*** Opening of DATA FOR PROCESSING ***
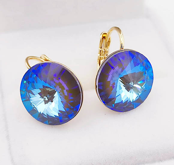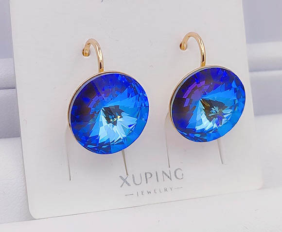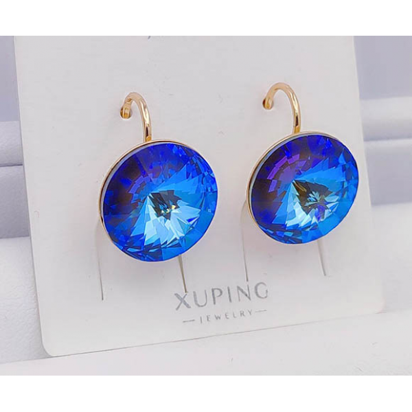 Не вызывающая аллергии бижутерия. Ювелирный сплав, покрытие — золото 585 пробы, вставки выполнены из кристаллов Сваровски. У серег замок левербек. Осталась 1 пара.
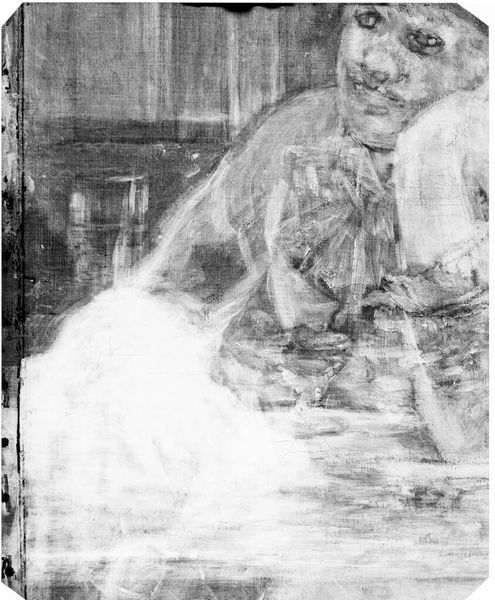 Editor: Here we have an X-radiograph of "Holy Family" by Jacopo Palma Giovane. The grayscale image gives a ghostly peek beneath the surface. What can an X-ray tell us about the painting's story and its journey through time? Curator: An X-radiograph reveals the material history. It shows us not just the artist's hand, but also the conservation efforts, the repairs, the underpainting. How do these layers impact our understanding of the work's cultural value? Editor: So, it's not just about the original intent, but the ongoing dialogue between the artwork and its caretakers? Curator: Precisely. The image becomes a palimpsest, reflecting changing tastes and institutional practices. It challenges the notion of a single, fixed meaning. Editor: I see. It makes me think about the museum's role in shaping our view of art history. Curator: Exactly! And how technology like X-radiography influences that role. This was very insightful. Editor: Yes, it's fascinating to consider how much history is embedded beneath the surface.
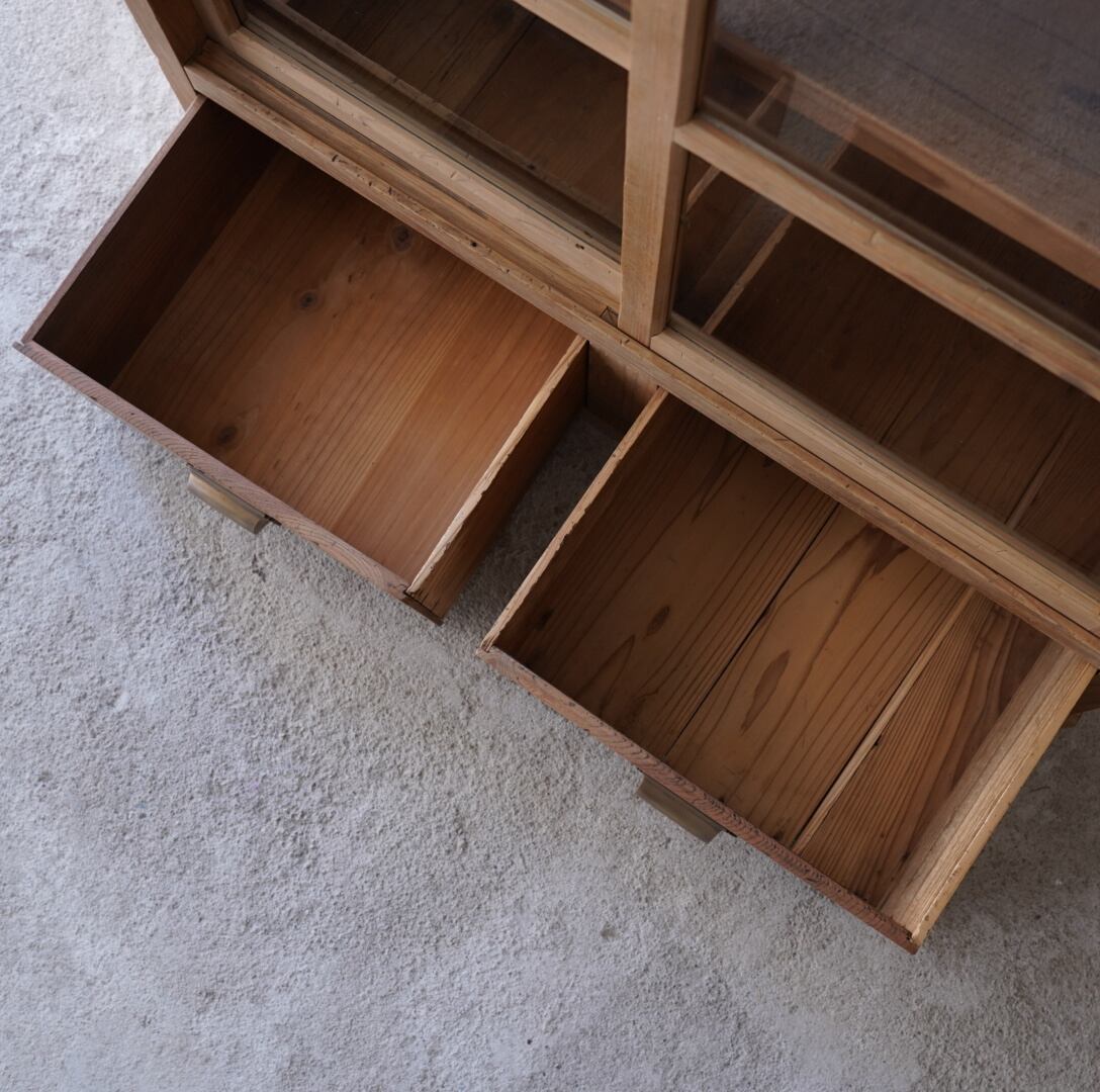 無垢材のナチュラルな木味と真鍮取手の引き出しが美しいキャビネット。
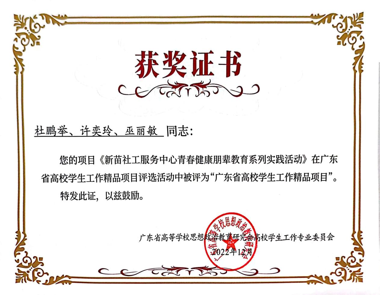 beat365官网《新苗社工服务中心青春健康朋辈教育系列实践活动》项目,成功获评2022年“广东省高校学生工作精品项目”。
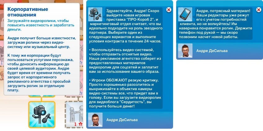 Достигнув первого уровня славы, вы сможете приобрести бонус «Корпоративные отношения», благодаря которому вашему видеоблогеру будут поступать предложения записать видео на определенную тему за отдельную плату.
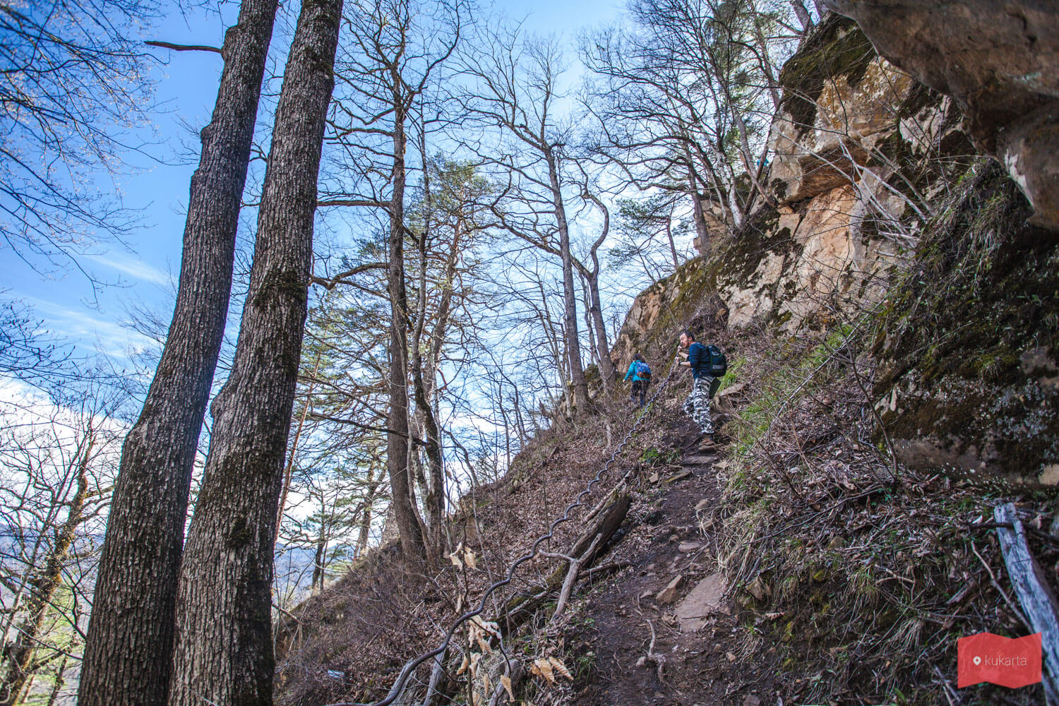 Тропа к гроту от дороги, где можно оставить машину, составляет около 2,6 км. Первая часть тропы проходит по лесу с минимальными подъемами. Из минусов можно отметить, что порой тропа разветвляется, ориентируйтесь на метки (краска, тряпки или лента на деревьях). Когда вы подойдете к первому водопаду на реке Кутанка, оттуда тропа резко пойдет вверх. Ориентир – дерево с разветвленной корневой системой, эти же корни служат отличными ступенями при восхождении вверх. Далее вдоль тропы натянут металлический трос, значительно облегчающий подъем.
*** Close of DATA FOR PROCESSING ***
__YOUR GOAL__.
The result should be every entry, word for word, and no pictures.

__RESULT OF THE EXERCISE__.
 Не вызывающая аллергии бижутерия. Ювелирный сплав, покрытие — золото 585 пробы, вставки выполнены из кристаллов Сваровски. У серег замок левербек. Осталась 1 пара.
 Editor: Here we have an X-radiograph of "Holy Family" by Jacopo Palma Giovane. The grayscale image gives a ghostly peek beneath the surface. What can an X-ray tell us about the painting's story and its journey through time? Curator: An X-radiograph reveals the material history. It shows us not just the artist's hand, but also the conservation efforts, the repairs, the underpainting. How do these layers impact our understanding of the work's cultural value? Editor: So, it's not just about the original intent, but the ongoing dialogue between the artwork and its caretakers? Curator: Precisely. The image becomes a palimpsest, reflecting changing tastes and institutional practices. It challenges the notion of a single, fixed meaning. Editor: I see. It makes me think about the museum's role in shaping our view of art history. Curator: Exactly! And how technology like X-radiography influences that role. This was very insightful. Editor: Yes, it's fascinating to consider how much history is embedded beneath the surface.
 無垢材のナチュラルな木味と真鍮取手の引き出しが美しいキャビネット。
 beat365官网《新苗社工服务中心青春健康朋辈教育系列实践活动》项目,成功获评2022年“广东省高校学生工作精品项目”。
 Достигнув первого уровня славы, вы сможете приобрести бонус «Корпоративные отношения», благодаря которому вашему видеоблогеру будут поступать предложения записать видео на определенную тему за отдельную плату.
 Тропа к гроту от дороги, где можно оставить машину, составляет около 2,6 км. Первая часть тропы проходит по лесу с минимальными подъемами. Из минусов можно отметить, что порой тропа разветвляется, ориентируйтесь на метки (краска, тряпки или лента на деревьях). Когда вы подойдете к первому водопаду на реке Кутанка, оттуда тропа резко пойдет вверх. Ориентир – дерево с разветвленной корневой системой, эти же корни служат отличными ступенями при восхождении вверх. Далее вдоль тропы натянут металлический трос, значительно облегчающий подъем.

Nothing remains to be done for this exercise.